Methods: We retrospectively analysed data obtained from experimental studies of the hemodynamic impact of mild hypothermia and hyperthermia on acute heart failure. Fifty-nine anaesthetized and mechanically ventilated closed-chest Landrace pigs (68 ± 1 kg) were instrumented with Swan-Ganz and LV pressure-volume catheters. Data were obtained at body temperatures of 33.0 °C, 38.0 °C and 40.5 °C; before and after: resuscitation, myocardial infarction, endotoxemia, sevoflurane-induced myocardial depression and beta-adrenergic stimulation.

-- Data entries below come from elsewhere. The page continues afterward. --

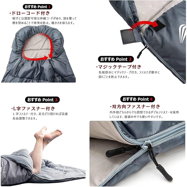 商品名:BISINNA 寝袋 ワイド ねぶくろ 封筒型 シュラフ 洗濯可 キャンプ 登山 アウトドア 車中泊 来客用 収納便利 匂いがフリー 肌触り良い 幅100cmx奥行き230cm 防水 春 夏用1.55kg(快適温度15℃)グレー
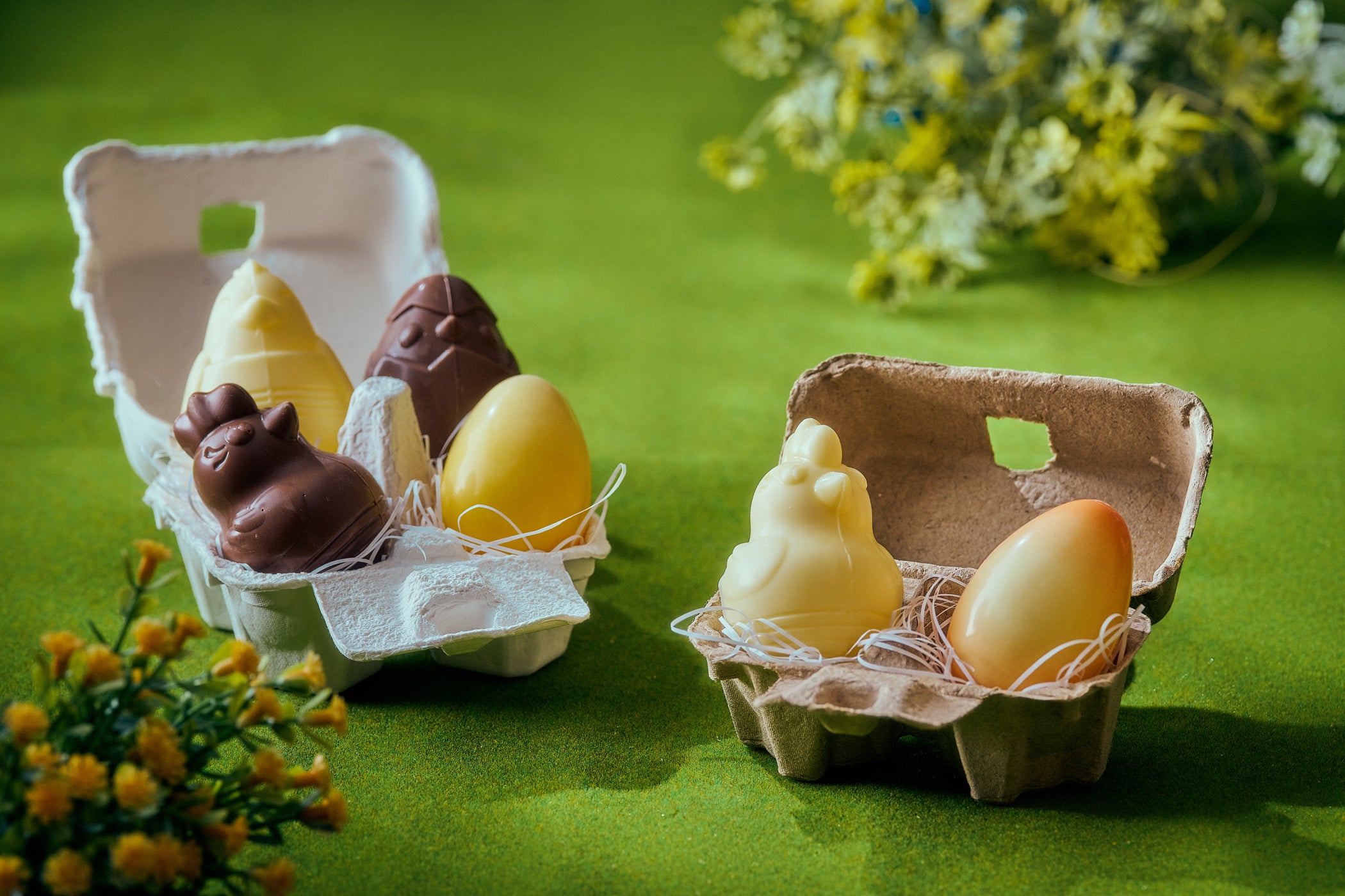 ミルクチョコレートとホワイトチョコレートでつくるルースターやヒヨコ、そしてカラフルにペイントしたイースターエッグを、遊び心あふれる卵ケースのパッケージに詰め合わせました。それぞれのチョコレートの中には、アマンディーヌやライスパフを忍ばせています。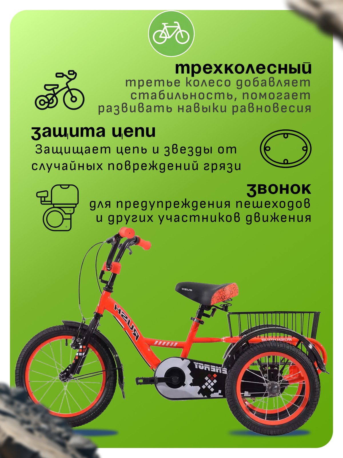 Особенности велосипеда: Защита цепи, Звонок, Катафоты, Корзина, Крылья, Трехколесный.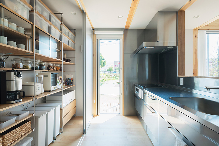 - ステンレス製オリジナル壁付キッチン・IHクッキングヒーター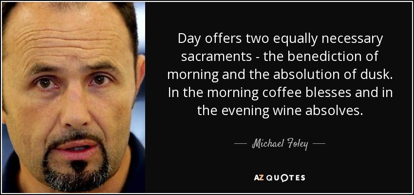 Day offers two equally necessary sacraments - the benediction of morning and the absolution of dusk. In the morning coffee blesses and in the evening wine absolves.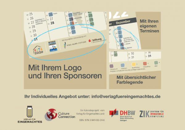 Der Interkulturelle Kalender entstand vor über 10 Jahren in Zusammenarbeit mit dem ZIK Zentrum für Interkulturelle Kompetenz und Sprachen der Dualen Hochschule Baden-Württemberg. In ansprechendem Design gibt dieser einen Überblick auf die bedeutendsten Feiertage der fünf größten Weltreligionen, verzeichnet kulturelle Feste wie auch gemeinsame Gedenktage. Er ist ideal für Einrichtungen, in denen interkulturelle Begegnung stattfindet. Hier unterstützt er den Dialog zwischen verschiedenen Ethnien und Religionen.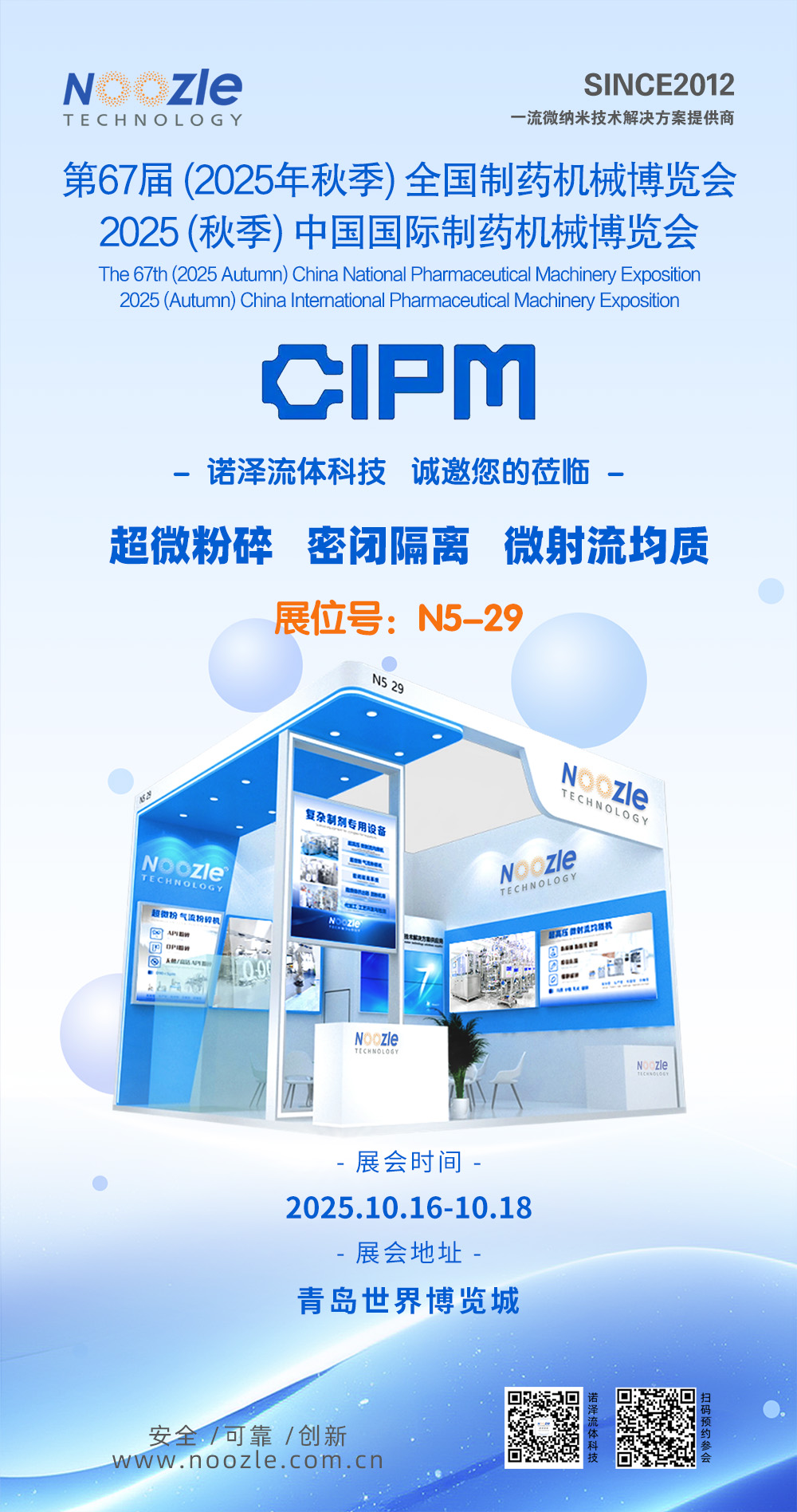 本次CIPM,诺泽依然将与旗下超微气流粉碎机、微射流均质机等多款明星产品等一同亮相展台,静候新老朋友的光临!

We plotted LVSW min ^- 1 against CPO by linear regression analysis, as well as against the following classical indices of LV function and work: LV ejection fraction (LV EF), rate-pressure product (RPP), triple product (TP), LV maximum pressure (LVP _max ) and maximal rate of rise of LVP (LV dP/dt _max ).
Results: CPO showed the best correlation with LV SW min ^- 1 (r ²  = 0.89; p < 0.05) while LV EF did not correlate at all (r ²  = 0.01; p = 0.259). Further parameters correlated moderately with LV SW min ^- 1 (LVP _max r ²  = 0.47, RPP r ²  = 0.67; and TP r ²  = 0.54). LV dP/dt _max correlated worst with LV SW min ^- 1 (r ²  = 0.28).
Conclusion: CPO reflects external cardiac work over a wide range of inotropic states. These data further support the use of CPO to monitor inotropic interventions in the ICU.